Activity →
What you return must match the records exactly, except that the pictures are gone.

──────── Data in this exercise ────────

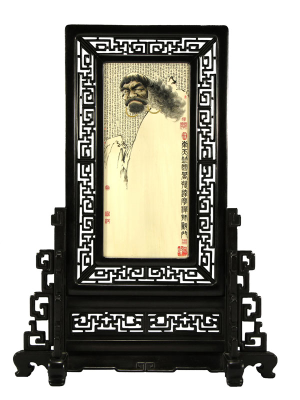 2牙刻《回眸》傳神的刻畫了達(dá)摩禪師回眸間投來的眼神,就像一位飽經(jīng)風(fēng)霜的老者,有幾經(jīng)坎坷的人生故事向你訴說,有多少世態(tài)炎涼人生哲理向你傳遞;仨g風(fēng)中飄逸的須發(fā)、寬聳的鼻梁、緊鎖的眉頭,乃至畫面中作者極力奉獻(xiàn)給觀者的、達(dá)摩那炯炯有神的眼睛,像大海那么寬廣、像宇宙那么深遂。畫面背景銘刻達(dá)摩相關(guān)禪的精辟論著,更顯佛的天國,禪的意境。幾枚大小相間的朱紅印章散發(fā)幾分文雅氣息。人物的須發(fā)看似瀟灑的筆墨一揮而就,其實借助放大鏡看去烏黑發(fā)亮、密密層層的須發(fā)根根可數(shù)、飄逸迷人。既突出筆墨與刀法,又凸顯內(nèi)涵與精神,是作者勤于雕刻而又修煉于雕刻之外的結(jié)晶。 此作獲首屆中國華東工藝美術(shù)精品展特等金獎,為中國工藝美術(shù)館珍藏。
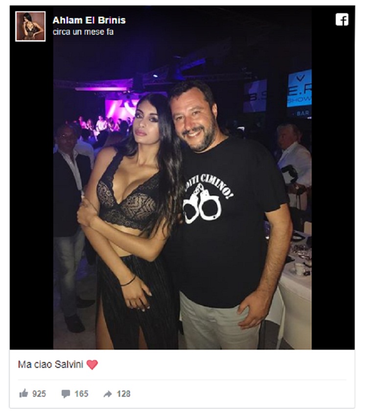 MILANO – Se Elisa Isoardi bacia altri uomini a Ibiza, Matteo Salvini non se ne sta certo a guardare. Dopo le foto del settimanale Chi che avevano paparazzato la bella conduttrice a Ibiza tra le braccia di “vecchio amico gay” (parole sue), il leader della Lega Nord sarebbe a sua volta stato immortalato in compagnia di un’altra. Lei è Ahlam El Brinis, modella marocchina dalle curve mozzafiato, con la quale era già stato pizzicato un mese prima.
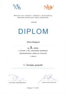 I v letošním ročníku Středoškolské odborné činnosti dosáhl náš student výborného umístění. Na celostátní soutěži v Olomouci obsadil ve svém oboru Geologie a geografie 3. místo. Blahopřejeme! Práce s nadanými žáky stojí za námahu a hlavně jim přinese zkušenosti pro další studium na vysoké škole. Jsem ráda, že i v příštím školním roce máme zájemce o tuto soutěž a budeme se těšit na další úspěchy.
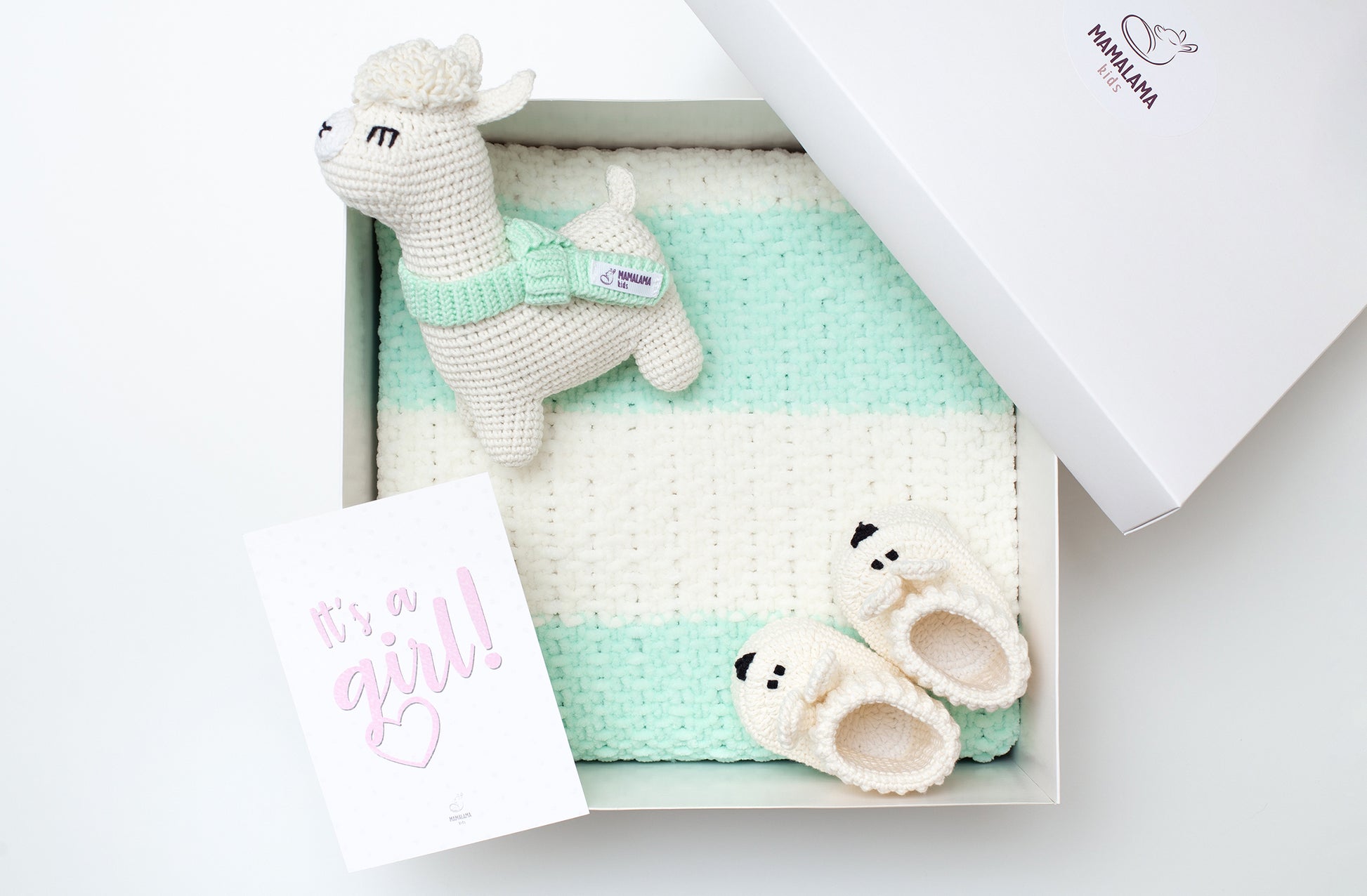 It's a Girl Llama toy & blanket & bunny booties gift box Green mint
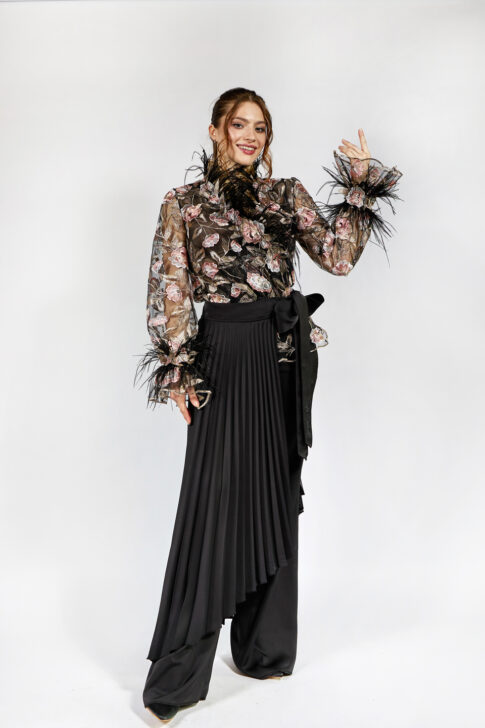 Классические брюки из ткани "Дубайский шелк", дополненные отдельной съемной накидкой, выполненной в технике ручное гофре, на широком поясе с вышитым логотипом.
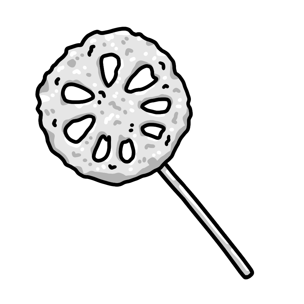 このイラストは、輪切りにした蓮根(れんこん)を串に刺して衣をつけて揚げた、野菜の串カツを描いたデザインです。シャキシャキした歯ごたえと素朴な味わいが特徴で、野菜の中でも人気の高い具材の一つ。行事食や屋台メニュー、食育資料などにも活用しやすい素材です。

────────

Task response →
 2牙刻《回眸》傳神的刻畫了達(dá)摩禪師回眸間投來的眼神,就像一位飽經(jīng)風(fēng)霜的老者,有幾經(jīng)坎坷的人生故事向你訴說,有多少世態(tài)炎涼人生哲理向你傳遞;仨g風(fēng)中飄逸的須發(fā)、寬聳的鼻梁、緊鎖的眉頭,乃至畫面中作者極力奉獻(xiàn)給觀者的、達(dá)摩那炯炯有神的眼睛,像大海那么寬廣、像宇宙那么深遂。畫面背景銘刻達(dá)摩相關(guān)禪的精辟論著,更顯佛的天國,禪的意境。幾枚大小相間的朱紅印章散發(fā)幾分文雅氣息。人物的須發(fā)看似瀟灑的筆墨一揮而就,其實借助放大鏡看去烏黑發(fā)亮、密密層層的須發(fā)根根可數(shù)、飄逸迷人。既突出筆墨與刀法,又凸顯內(nèi)涵與精神,是作者勤于雕刻而又修煉于雕刻之外的結(jié)晶。 此作獲首屆中國華東工藝美術(shù)精品展特等金獎,為中國工藝美術(shù)館珍藏。
 MILANO – Se Elisa Isoardi bacia altri uomini a Ibiza, Matteo Salvini non se ne sta certo a guardare. Dopo le foto del settimanale Chi che avevano paparazzato la bella conduttrice a Ibiza tra le braccia di “vecchio amico gay” (parole sue), il leader della Lega Nord sarebbe a sua volta stato immortalato in compagnia di un’altra. Lei è Ahlam El Brinis, modella marocchina dalle curve mozzafiato, con la quale era già stato pizzicato un mese prima.
 I v letošním ročníku Středoškolské odborné činnosti dosáhl náš student výborného umístění. Na celostátní soutěži v Olomouci obsadil ve svém oboru Geologie a geografie 3. místo. Blahopřejeme! Práce s nadanými žáky stojí za námahu a hlavně jim přinese zkušenosti pro další studium na vysoké škole. Jsem ráda, že i v příštím školním roce máme zájemce o tuto soutěž a budeme se těšit na další úspěchy.
 It's a Girl Llama toy & blanket & bunny booties gift box Green mint
 Классические брюки из ткани "Дубайский шелк", дополненные отдельной съемной накидкой, выполненной в технике ручное гофре, на широком поясе с вышитым логотипом.
 このイラストは、輪切りにした蓮根(れんこん)を串に刺して衣をつけて揚げた、野菜の串カツを描いたデザインです。シャキシャキした歯ごたえと素朴な味わいが特徴で、野菜の中でも人気の高い具材の一つ。行事食や屋台メニュー、食育資料などにも活用しやすい素材です。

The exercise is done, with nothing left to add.